▸ Task to complete:
Up to and including the line with "在全车防晒和隔热方面,小米Y", repeat every line of the listing exactly, beginning at the first.

▸ Data for analysis:

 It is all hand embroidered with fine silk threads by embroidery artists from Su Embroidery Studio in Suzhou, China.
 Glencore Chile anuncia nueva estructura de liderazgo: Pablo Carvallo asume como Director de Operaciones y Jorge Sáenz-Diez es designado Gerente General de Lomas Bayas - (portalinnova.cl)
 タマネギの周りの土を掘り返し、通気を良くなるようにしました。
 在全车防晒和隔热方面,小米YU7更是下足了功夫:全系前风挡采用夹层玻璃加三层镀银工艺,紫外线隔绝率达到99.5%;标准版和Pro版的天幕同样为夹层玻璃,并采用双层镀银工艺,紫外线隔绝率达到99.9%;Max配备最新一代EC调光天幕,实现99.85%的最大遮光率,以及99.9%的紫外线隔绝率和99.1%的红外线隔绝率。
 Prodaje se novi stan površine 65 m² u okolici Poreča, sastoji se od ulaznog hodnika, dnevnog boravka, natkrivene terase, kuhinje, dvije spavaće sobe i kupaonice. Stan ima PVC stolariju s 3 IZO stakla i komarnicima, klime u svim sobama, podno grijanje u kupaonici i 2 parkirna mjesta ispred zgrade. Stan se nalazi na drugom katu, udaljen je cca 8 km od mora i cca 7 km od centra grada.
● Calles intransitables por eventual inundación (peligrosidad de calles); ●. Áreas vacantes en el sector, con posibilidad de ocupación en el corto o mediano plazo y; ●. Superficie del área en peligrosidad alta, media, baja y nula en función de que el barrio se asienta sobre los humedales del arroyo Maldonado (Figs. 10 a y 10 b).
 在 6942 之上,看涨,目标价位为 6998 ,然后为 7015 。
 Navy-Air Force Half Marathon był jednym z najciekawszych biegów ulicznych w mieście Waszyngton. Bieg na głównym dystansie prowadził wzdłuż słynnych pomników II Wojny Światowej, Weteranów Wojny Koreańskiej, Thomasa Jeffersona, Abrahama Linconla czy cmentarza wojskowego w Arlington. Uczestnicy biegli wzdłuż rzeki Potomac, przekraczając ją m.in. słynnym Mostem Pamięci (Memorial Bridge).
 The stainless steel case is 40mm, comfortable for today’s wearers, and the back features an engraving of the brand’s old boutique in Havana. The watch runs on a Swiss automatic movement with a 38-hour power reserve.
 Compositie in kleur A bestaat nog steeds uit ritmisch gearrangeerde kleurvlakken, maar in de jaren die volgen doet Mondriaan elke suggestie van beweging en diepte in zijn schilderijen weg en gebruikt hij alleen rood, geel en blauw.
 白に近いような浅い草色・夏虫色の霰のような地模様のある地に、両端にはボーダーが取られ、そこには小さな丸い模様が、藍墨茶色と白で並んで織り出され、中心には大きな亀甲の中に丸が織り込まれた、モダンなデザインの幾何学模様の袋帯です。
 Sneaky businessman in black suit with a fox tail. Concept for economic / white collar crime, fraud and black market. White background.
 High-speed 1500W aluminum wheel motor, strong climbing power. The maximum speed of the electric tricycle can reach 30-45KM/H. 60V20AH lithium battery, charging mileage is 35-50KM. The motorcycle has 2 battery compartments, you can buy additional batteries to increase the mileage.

▸ Reply:
 It is all hand embroidered with fine silk threads by embroidery artists from Su Embroidery Studio in Suzhou, China.
 Glencore Chile anuncia nueva estructura de liderazgo: Pablo Carvallo asume como Director de Operaciones y Jorge Sáenz-Diez es designado Gerente General de Lomas Bayas - (portalinnova.cl)
 タマネギの周りの土を掘り返し、通気を良くなるようにしました。
 在全车防晒和隔热方面,小米YU7更是下足了功夫:全系前风挡采用夹层玻璃加三层镀银工艺,紫外线隔绝率达到99.5%;标准版和Pro版的天幕同样为夹层玻璃,并采用双层镀银工艺,紫外线隔绝率达到99.9%;Max配备最新一代EC调光天幕,实现99.85%的最大遮光率,以及99.9%的紫外线隔绝率和99.1%的红外线隔绝率。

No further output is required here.